In the listing below, find the line containing "甘夏を入れて、火にかけて煮ます。" and the line containing "这种洗钱方式存在的诈骗行为也", then copy exactly everything from the first through the second, except the pictures.

§ **PROVIDED RECORDS**:

•••

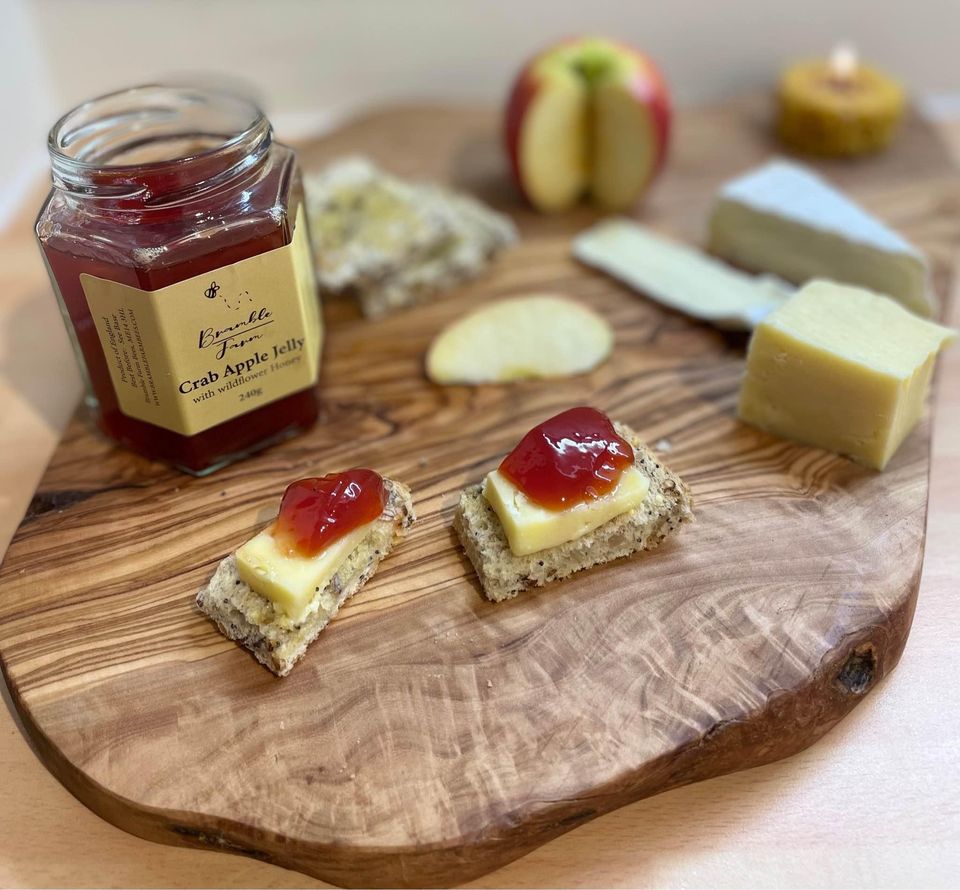 Delicious crab apple jelly made with our own wildflower honey. Perfect accompaniment for cheese, cold meats, or simply spread on fresh bread.
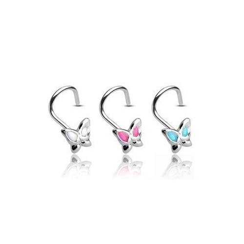 Ocelové šperky a piercing (19967) > Piercing (3911) > Stříbrný piercing (99) > Zahnutý piercing do nosu - motýlek (tyrkysová)
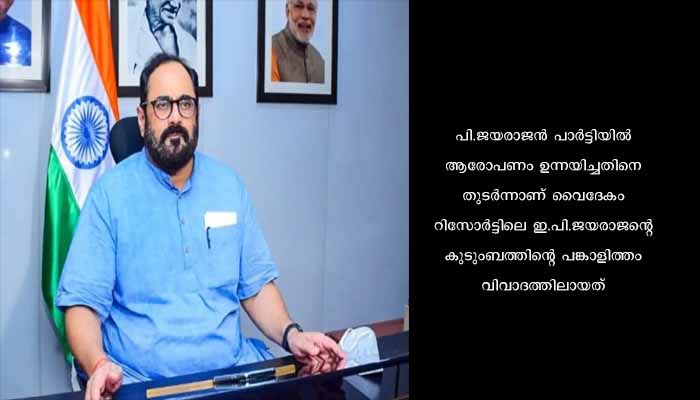 പി.ജയരാജൻ പാർട്ടിയിൽ ആരോപണം ഉന്നയിച്ചതിനെ തുടർന്നാണ് വൈദേകം റിസോർട്ടിലെ ഇ.പി.ജയരാജന്റെ കുടുംബത്തിന്റെ പങ്കാളിത്തം വിവാദത്തിലായത്. ഇതോടെ ഓഹരികൾ വിറ്റൊഴിയാൻ തീരുമാനിച്ചിരുന്നു. ഇതിനു പിന്നാലെയാണ് രാജീവ് ചന്ദ്രശേഖർ ഏറ്റെടുക്കുന്നുവെന്ന് വാർത്ത വന്നത്.
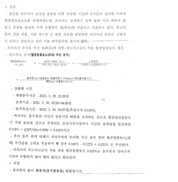 2) 위드마크 공식을 적용하여, 의뢰인이 운전 당시 처벌기준 미만의 음주수치였음을 주장하였습니다.
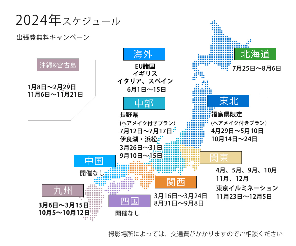 ※天気予報で当日から2日前の天気を確認して、雨天決行の場合は屋根付きの施設など雨の当たらない場所にて撮影決行とさせて頂きます。
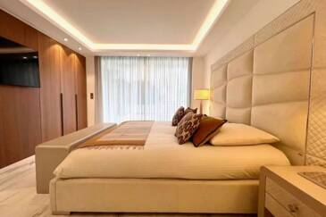 Зона ночного отдыха предлагает два тихих убежища, каждое с индивидуальным гардеробом и собственной ванной комнатой для абсолютного комфорта и уединения.
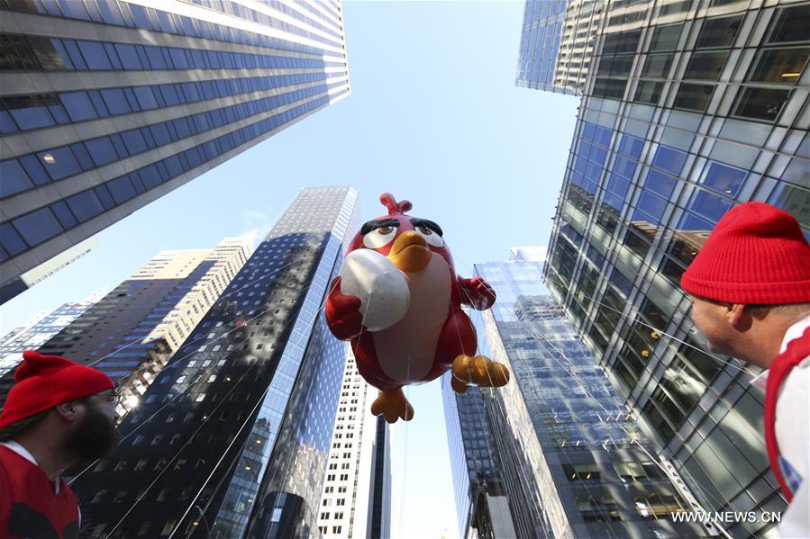 11月23日,在美国纽约感恩节大游行上,“愤怒的小鸟”造型气球行进在曼哈顿街头。当日,美国纽约举行梅西感恩节大游行,各式各样的玩偶气球、花车队伍在曼哈顿的摩天大楼间穿行,形成一道独特的风景。[新华社 王迎 摄]
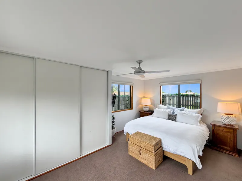 Also located upstairs, the third bedroom is spacious and features two built-in robes, providing excellent storage and a comfortable place for family members or guests.
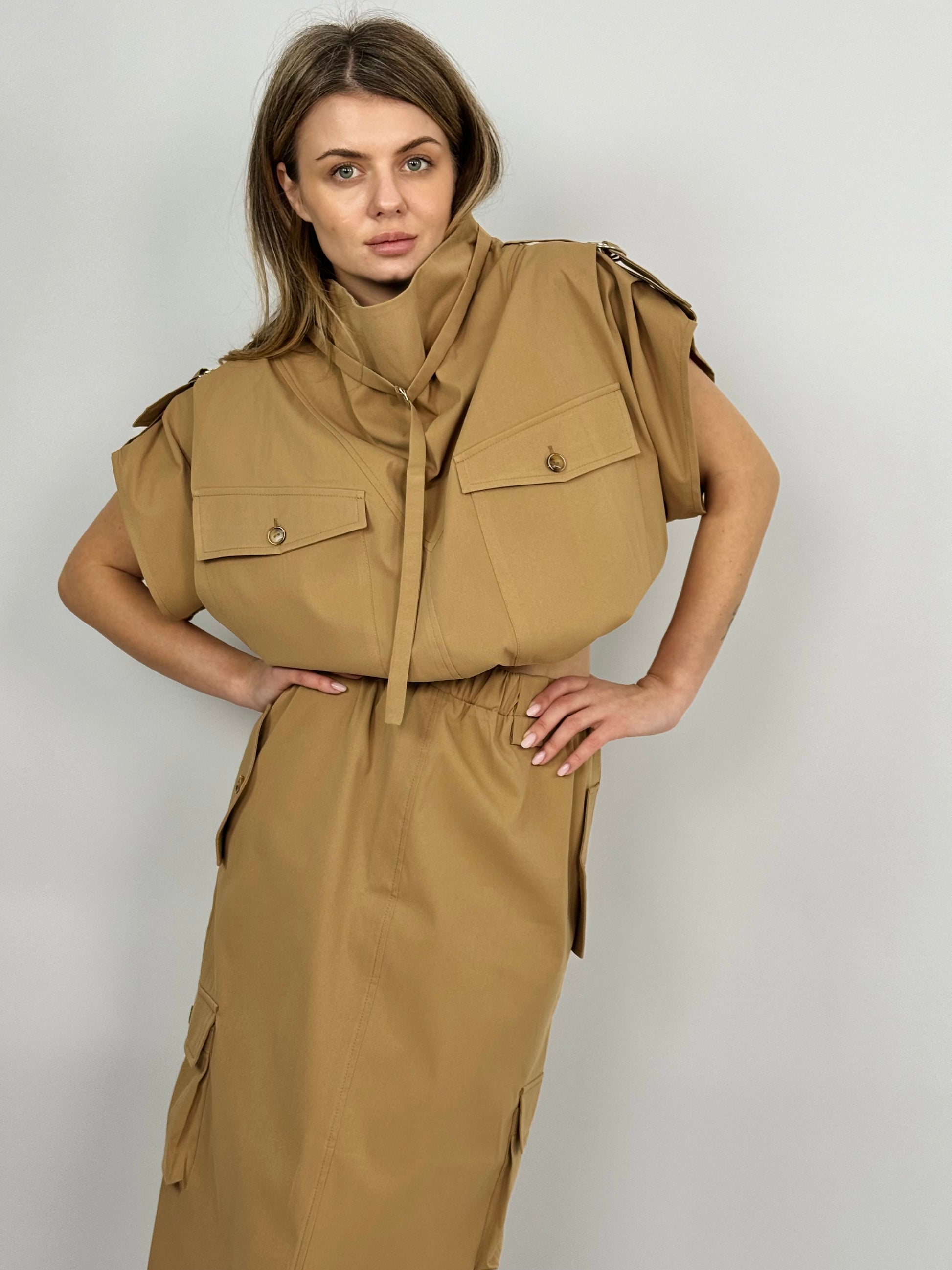 Structured cargo-style top crafted from premium cotton with distinctive utilitarian details. Featuring wide shoulders, oversized flap pockets, and a high neckline with adjustable ties, it blends a strong silhouette with modern elegance. Perfect for pairing with cargo skirts or pants for a complete look.
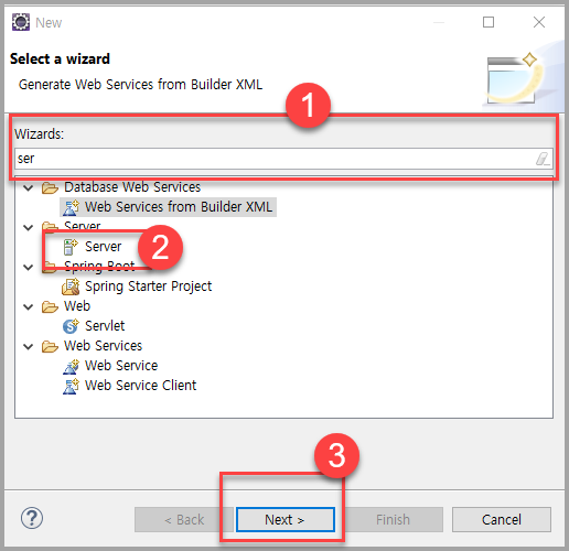 - Wizards: 부분에 ser 라고 입력하면 아래애 Server 가 나온다.
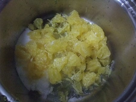 甘夏を入れて、火にかけて煮ます。
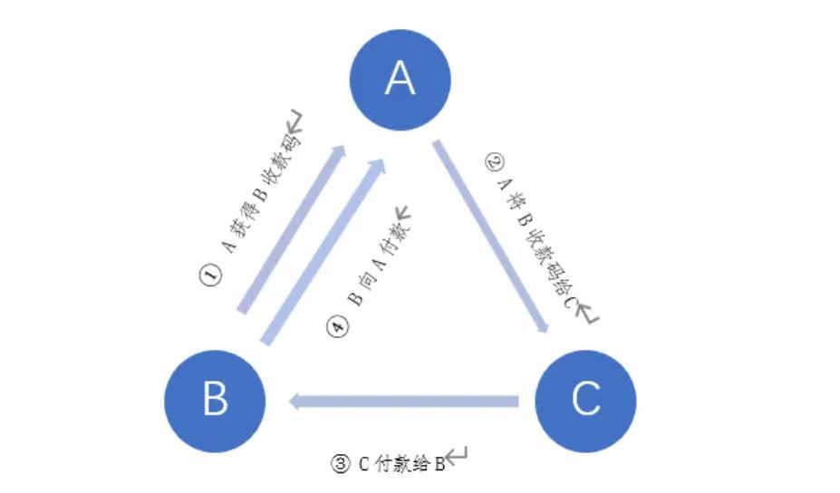 这种洗钱方式存在的诈骗行为也很多,俗称“ABC骗局”,例如A声称自己需要换钱找到B,约定好报酬之后,A从微信/支付宝将本金+报酬付给B,B从支付宝/微信将本金付给A。但实际上,A为骗子,以买卖游戏账号、游戏道具等原由与C进行交易,A获得B的收款码之后,将B的收款码给C,C将本金和报酬付款后,B将本金付给A,由于很多时候ABC仅通过贴吧、论坛或者其他软件进行沟通,并没有对方实际的联系方式,若C被骗后警方最先找到的也是B这个实际收款人,且由于游戏账号直款(不通过游戏交易平台或者中介,直接收付款)交易金额相对较小,有时金额可能未达到诈骗案件金额2000元,导致C只能吃哑巴亏。具体的流程图如下:
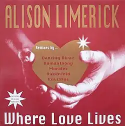 "Where Love Lives (Come On In)" is a song by British singer-songwriter and former dancer Alison Limerick, released first time in November 1990 by Arista Records as her solo-debut.[1] It was written and produced by Swedish producer Lati Kronlund, and received favorable reviews from music critics, becoming a massive club hit in the early 1990s in both the United Kingdom and United States. In 1991, the single peaked at number 27 on the UK Singles Chart and number three on the US Billboard Hot Dance Club Play chart. It was also voted Dance Track of 1991 by Billboard magazine.[2] In 1992, it was included on Limerick's debut album, And Still I Rise. In 1996, it was released in a new remix by Dancing Divaz, peaking at number nine in the UK and number four on the US dance chart. The song is famous for the funked-up piano intro and remains the singer's most successful release. It is now widely regarded as one of the biggest club anthems of all time, and has been remixed and re-released several times. In 2022 and 2025, Rolling Stone and Billboard included "Where Love Lives" in their lists of the greatest dance songs of all time.[3][4]
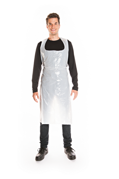 Glatte, geblockte Einwegschürze aus Polyethylen
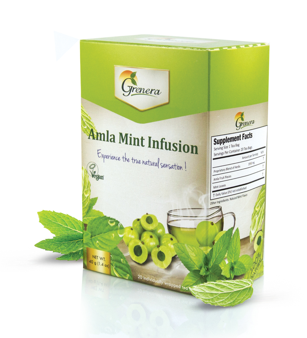 Ingredients: Dried Amla Pieces, Amla Fruit Powder, Dried Mint Leaves, Natural Mint Flavor
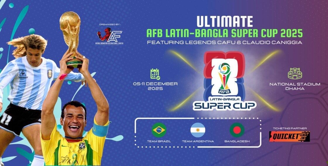ঢাকার আকাশে যেন একটু আগেই নেমে এসেছে লাতিন আমেরিকার উচ্ছ্বাস। লাতিন বাংলা সুপার কাপে অংশ নিতে বুধবার সকালে ঢাকায় পৌঁছেছে আর্জেন্টিনার অ্যাথলেটিকো চার্লোন। এর একদিন আগে এসেছে ব্রাজিলের সাও বার্নার্দো। দু’টি লাতিন দল আর স্বাগতিক ফিউচার স্টার বাংলাদেশকে নিয়ে জাতীয় স্টেডিয়ামে জমে উঠছে তরুণদের রোমাঞ্চকর আন্তর্জাতিক ফুটবল আসর।
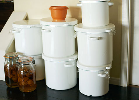 ホーロー容器は1つがアンチョビ、残りは梅の仕込み中。梅干しと甘いぽたぽた梅、梅シロップを毎年作っている。
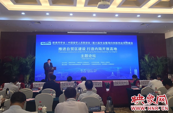 映象網(wǎng)快訊(記者 王邵怡 文/圖)9月13日,歐美同學(xué)會(huì)(中國(guó)留學(xué)人員聯(lián)誼會(huì))第六屆年會(huì)暨海歸創(chuàng)新創(chuàng)業(yè)鄭州峰會(huì)在鄭州舉行。來(lái)自全國(guó)的學(xué)者、企業(yè)家在主題論壇中就河南自貿(mào)區(qū)建設(shè)、打造內(nèi)陸開(kāi)放高地進(jìn)行了交流探討。
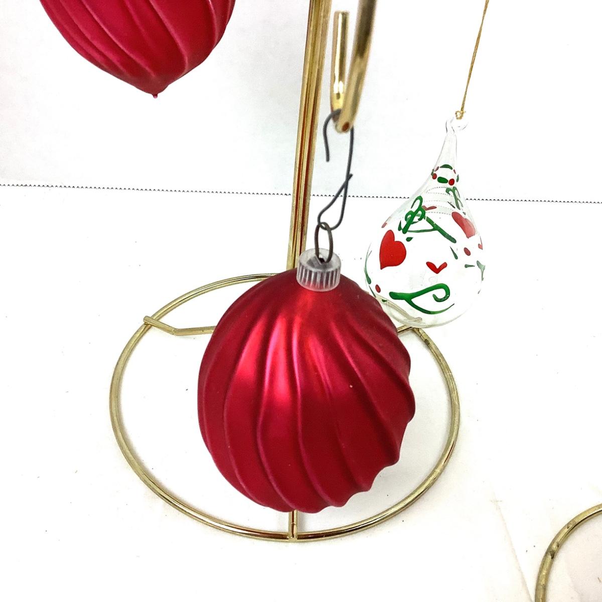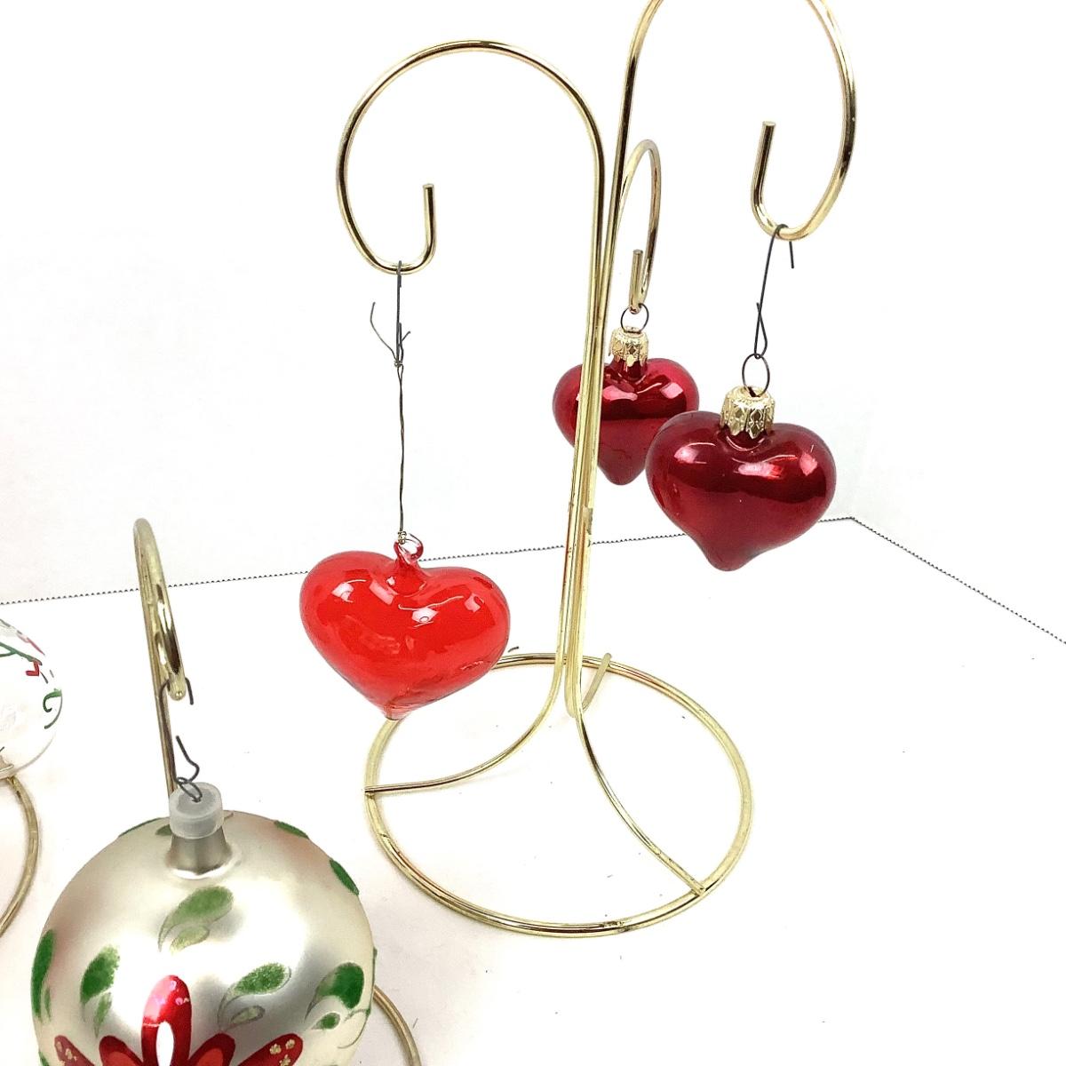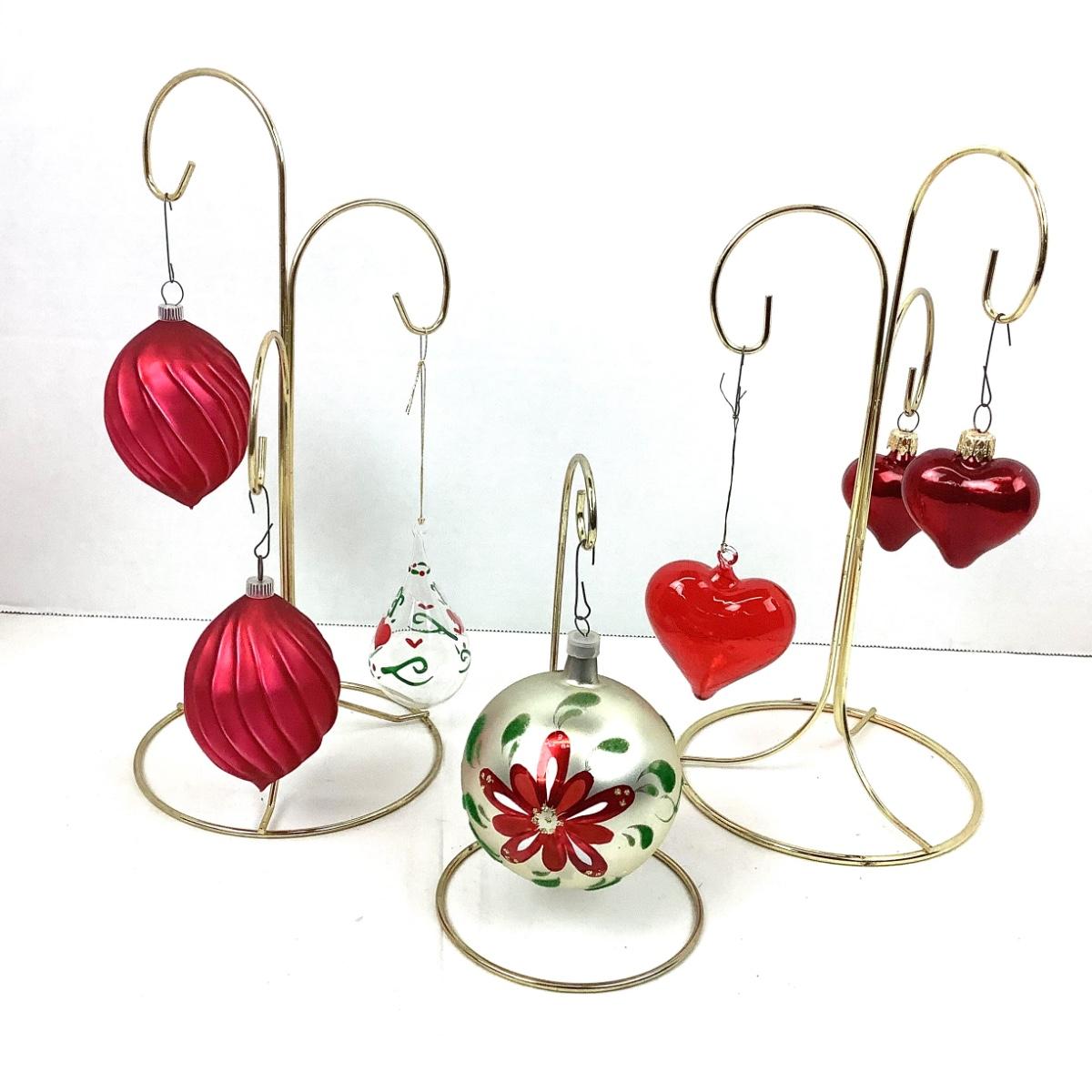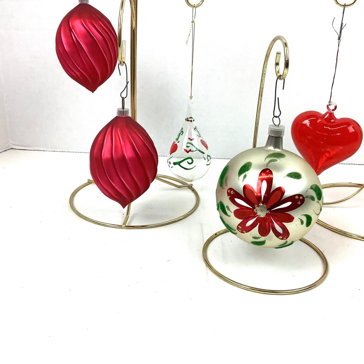 There are 7 ornaments in the lot, 3 hand blown hearts, 2 spiral ribbed red ornaments from Austria, and 2 hand painted bulbs.
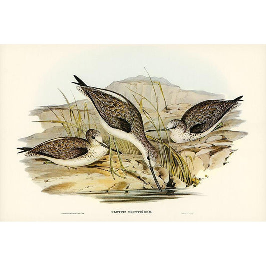 Australian Greenshank-Glottis Glottoides Gold Ornate Wood Framed Art Print with Double Matting by Gould, John
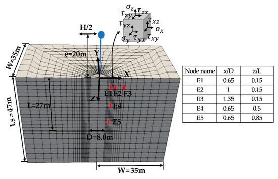 The stress conditions induced by the cyclic lateral loading were inspected for five soil elements E1 to E5, as shown in Figure 1. Their horizontal distance and depth normalised by the pile diameter and length, respectively with respect to the origin of a cartesian reference system located at the centre of the pile and at the ground level, are also given in Figure 1. The adopted convention for the normal and shear stress components for each soil element follows the adopted cartesian reference system as also reported in Figure 1. It should be noted that in this simplified case, the soil was considered to be drained, with a dry unit weight γdry = 15.6 kN/m3. Therefore, the stresses were all effective in this paper.

•••

§ **YOUR RESPONSE**:
 甘夏を入れて、火にかけて煮ます。
 这种洗钱方式存在的诈骗行为也很多,俗称“ABC骗局”,例如A声称自己需要换钱找到B,约定好报酬之后,A从微信/支付宝将本金+报酬付给B,B从支付宝/微信将本金付给A。但实际上,A为骗子,以买卖游戏账号、游戏道具等原由与C进行交易,A获得B的收款码之后,将B的收款码给C,C将本金和报酬付款后,B将本金付给A,由于很多时候ABC仅通过贴吧、论坛或者其他软件进行沟通,并没有对方实际的联系方式,若C被骗后警方最先找到的也是B这个实际收款人,且由于游戏账号直款(不通过游戏交易平台或者中介,直接收付款)交易金额相对较小,有时金额可能未达到诈骗案件金额2000元,导致C只能吃哑巴亏。具体的流程图如下:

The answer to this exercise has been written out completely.